Friday, August 31, 2012

I met Loving Wisdom on the street corner.

I didn't set out that morning to have a sacred encounter.  When I bumped into my son's friend I didn't say to myself 'here's my chance for a spiritual experience'.   I was just touched that he had taken the time to chat to me and share his news.  He was funny, engaging, sweet natured and full of exciting news about the next stage of his life.  As I walked away from the encounter - on my way to meet a friend for a coffee -  I became aware of the feelings in my heart, not the words in my head, and felt a mixture of gratitude, love and appreciation for that moment and for him. As I sat down with my friend I commented on how lovely that moment had been.
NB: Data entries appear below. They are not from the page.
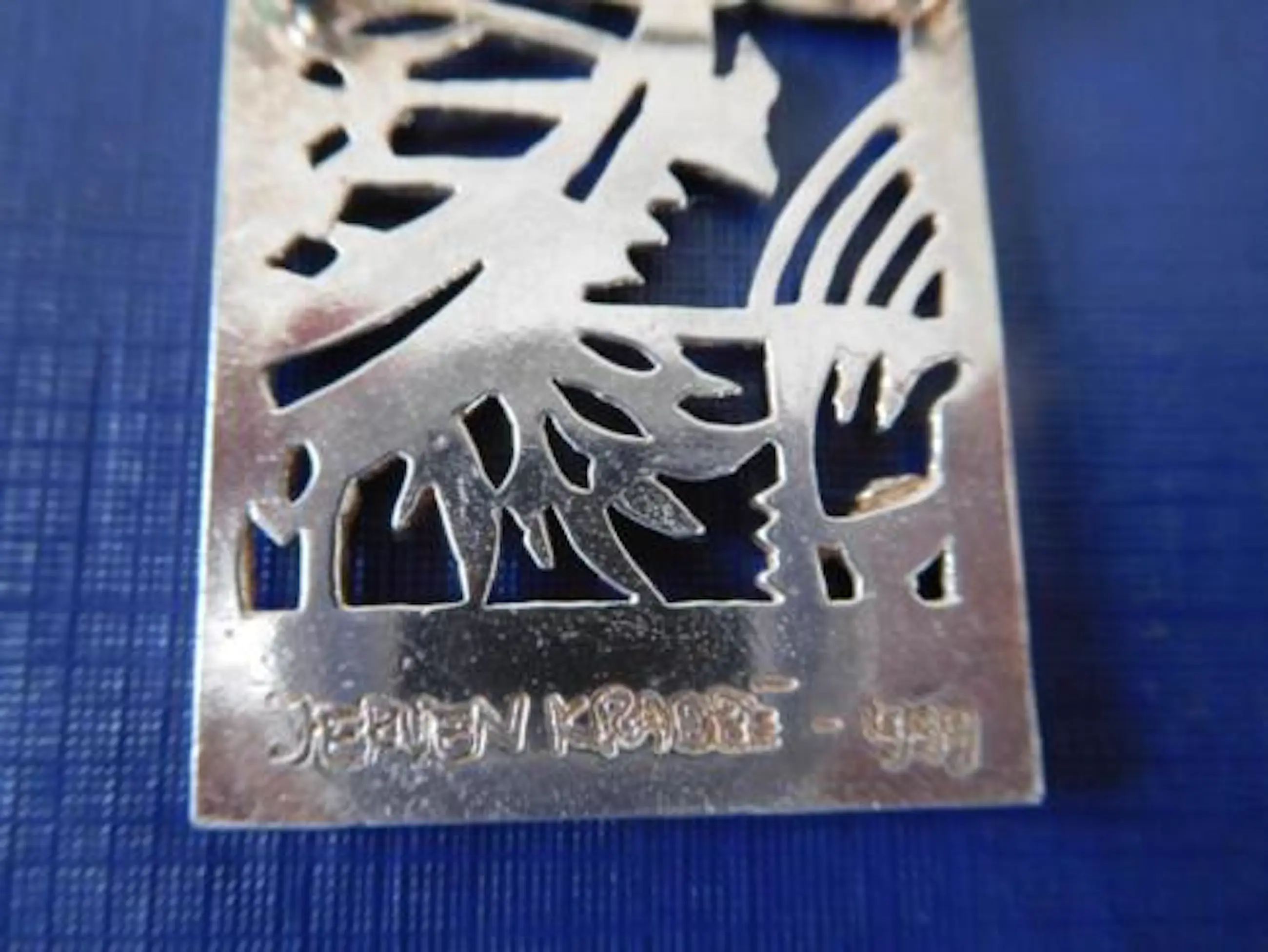 Prachtige broche/hanger van 1e gehalte zilver. 28x44 mm.ontworpen door acteur en kunstenaar Jeroen Krabbé. De broche/hanger zelf is op de achterkant gegraveerd "Jeroen Krabbe 1999" en is slechts in beperkte oplage uitgegeven.
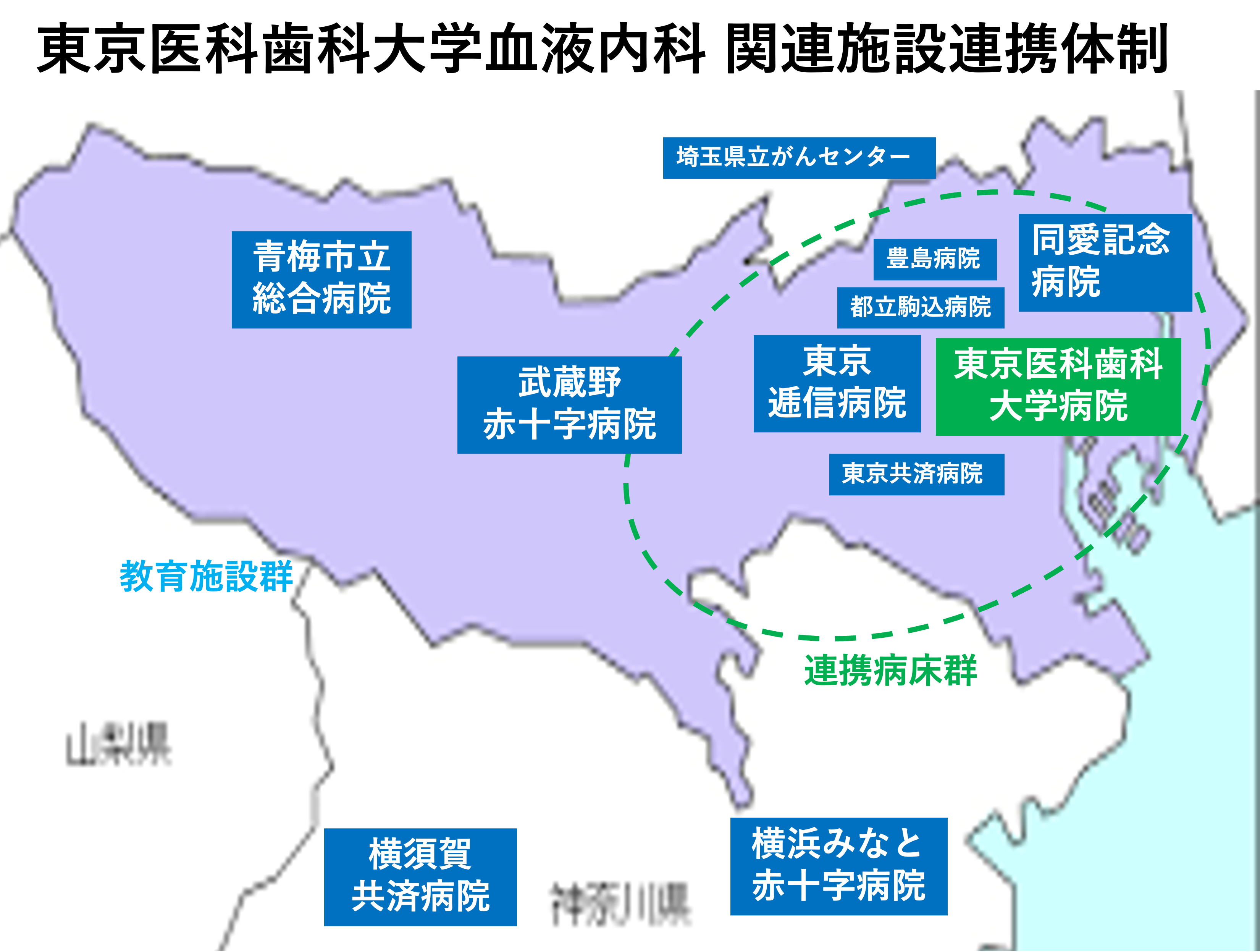 東京都外、及び都内遠隔地の施設との間では主に後期研修での連携(教育施設群)を、大学近隣の施設との間ではこれに加えて病床管理の連携(連携病床群)を行っています。いずれの施設も日本血液学会の専門研修施設であり、どの施設での研修を選んでも、最短で血液内科専門医の取得が可能です。
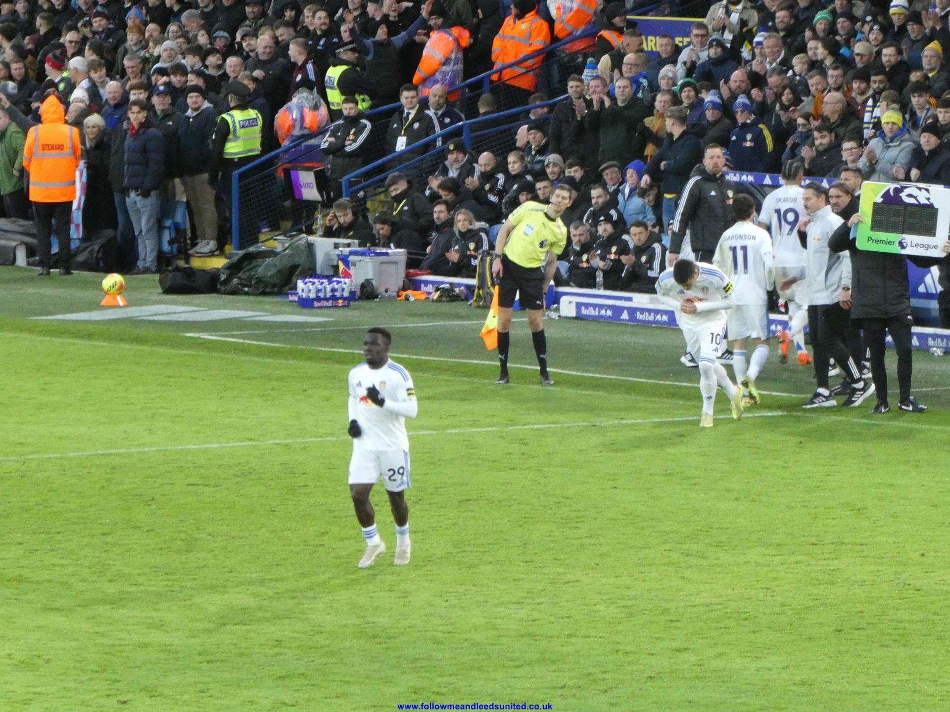 Leeds lost the game 2-1 despite taking an early lead with a goal from Nmecha (8).
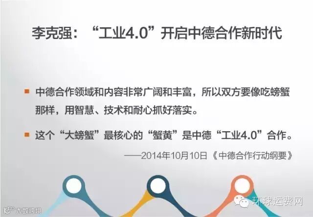 环球运费网导读:互联网+制造”就是工业4.0,它将推动中国制造向中国创造转型,所以很多人说,工业4.0是整个中国时代性的革命。工业4.0有哪些特点?有哪些技术支柱?谁最终赢得第四次工业革命主导权?本文将一一详细解答。
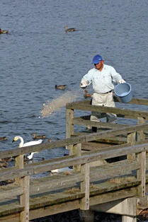 ▲今年もパンのミミをメインにしたエサを一日3回配ります
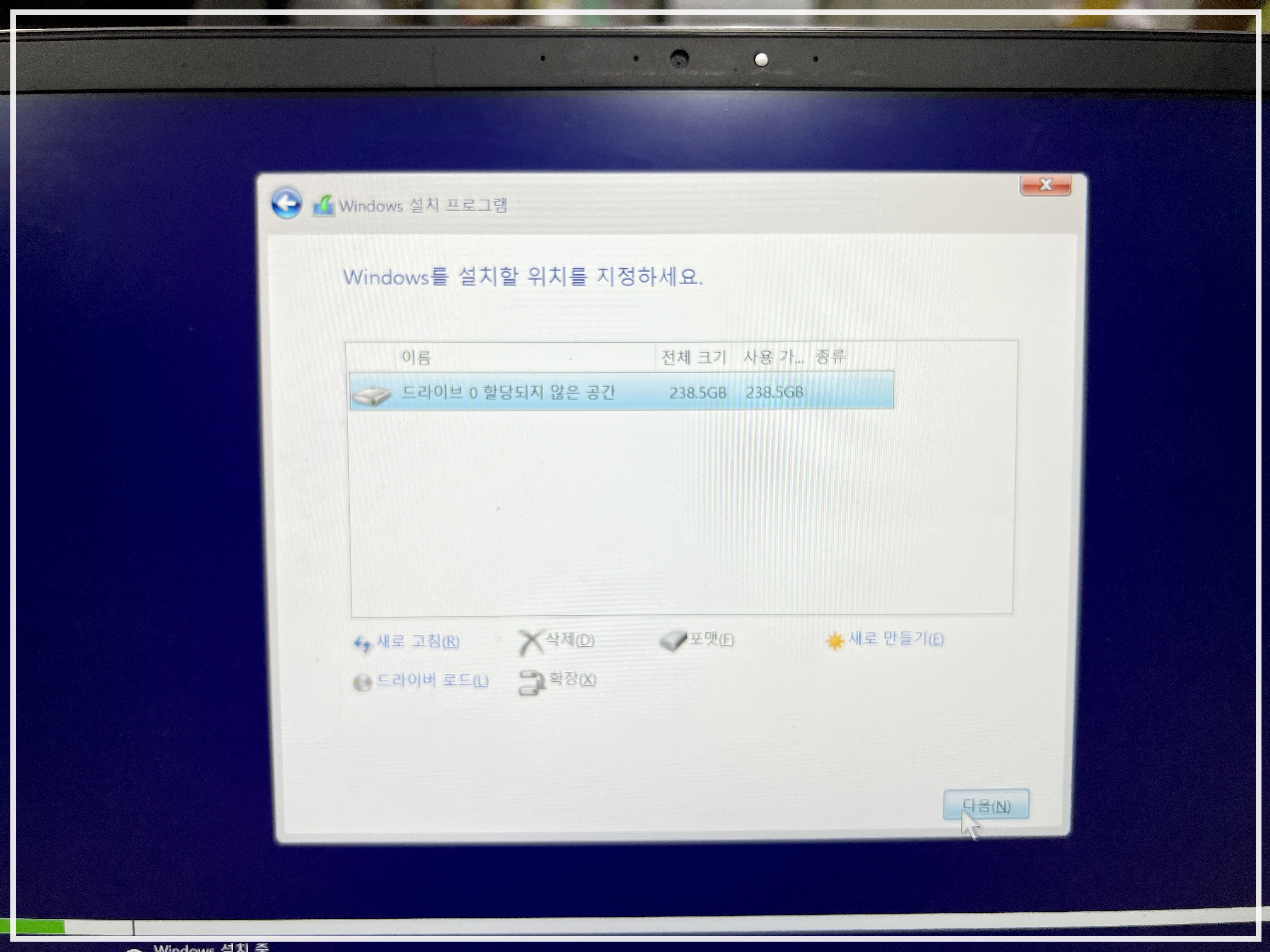 알약 오류로 포맷 후 윈도를 재설치
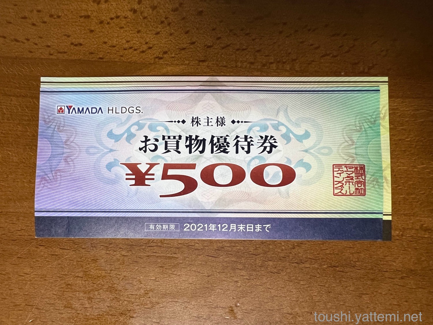 ヤマダHD(9831)の株主優待は、店舗で使える優待券をいただけます。
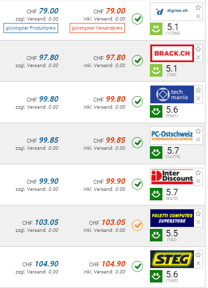 Vergleichespreise liegen bei 99.- und aufwärts.
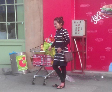 Bà bầu thở phào nhẹ nhõm sau khi thoát khỏi cảnh chen lấn xô đẩy trong siêu thị.
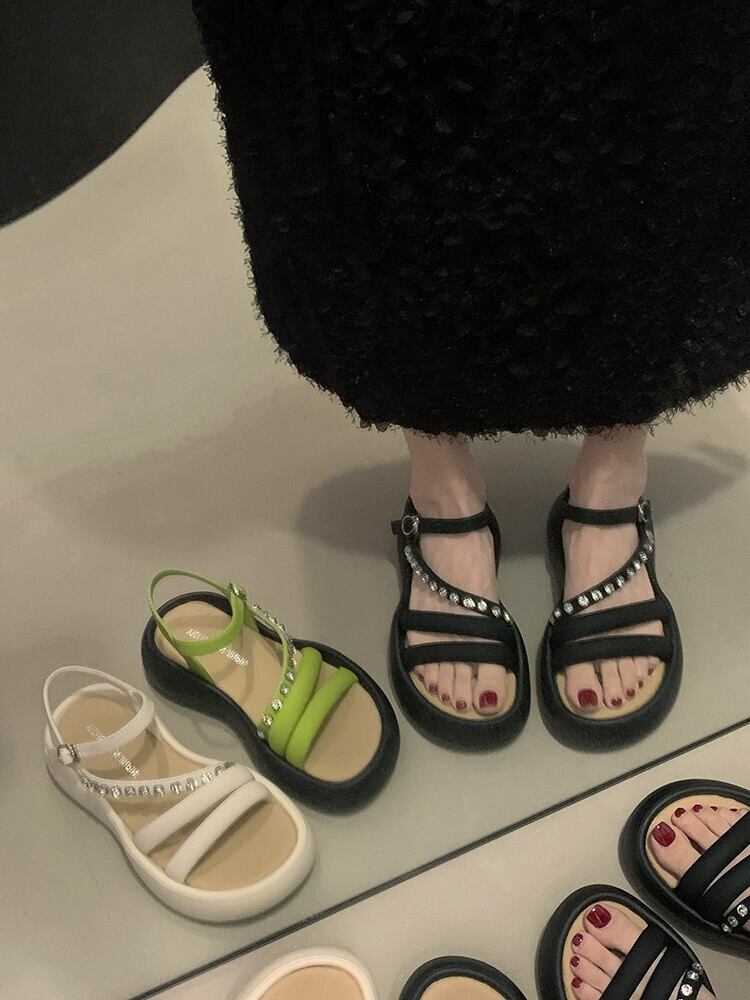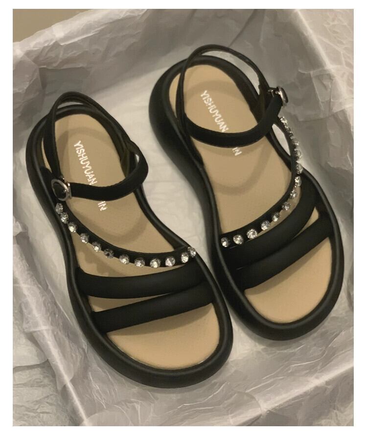 サンダル女性の夏の 2023 新しいファッションレトロラインストーン小さな厚底ノンスリップ comtable ビーチシューズ潮 靴 サマー 夏物 jxjxf67007158291

Weeks later we were all stunned and devastated by the news of his death. Suddenly I understood something at a deep level;  there had been something so fine and tender for me in that casual chat on a street corner and I realised our last meeting had been a sacred encounter.

One of my teachers says that in any conversation there is really only one thing happening: Loving Wisdom wanting to connect with Loving Wisdom.  The place where we connect with each other is also where we are the most vulnerable.  Author and empathy researcher, Dr Brene Brown talks about the vulnerability paradox: its the first thing we want to see in another but the last thing we want others to see in us.  Yet everyone of us, at the deepest level, is seeking connection, in fact we're wired for it. It is our Loving Wisdom.

So many of our conversations, however, keep us from connecting with each other.  Most of the time we are just trying to get our needs met, assert our authority, defend our position or we're so disengaged we're just operating on automatic.  Rarely are we able to be fully present and appreciate the deep opportunity we are being given.

That young man's gift to me was a gentle and profound reminder of the real experience of relationship. Its easy to forget that state of awareness when bogged down in everyday life and responsibilities - but the moment I think about him and the beauty in our last meeting,  I feel my heart opening again and suddenly everything changes.  Bittersweet emotions flood my mind and 'the inarticulate speech of the heart', as Van Morrison so aptly named it, shifts my perception of the world and fills me with the courage to take a step in life where previously I had felt fear.

A Course In Miracles,  a self-study system in 'spiritual psychology', teaches that the journey through life is one of unlearning.  Unlearning and dismantling the defences we build around our heart.  Relationships - the very place where we yearn for a connection heart to heart - are also where we learn to shut our hearts down.  They also provide the greatest training ground for our unlearning.  Painful, vulnerable experiences in childhood teach us to close our hearts because it hurts too much when we are open.  But if we want to experience good feelings, we have to open our hearts again, be willing to connect with others and be vulnerable.  We have to unlearn the closing down and treat vulnerability with compassion, understanding and empathy.

Opening your heart doesn't mean 'get happy' it means become vulnerable, drop your defences and allow life to mean something again.  And by allowing life to mean something, you start living a more meaningful life and regain a happy connection with your Loving Wisdom.
Write it on your heart that every day is the best day in the year.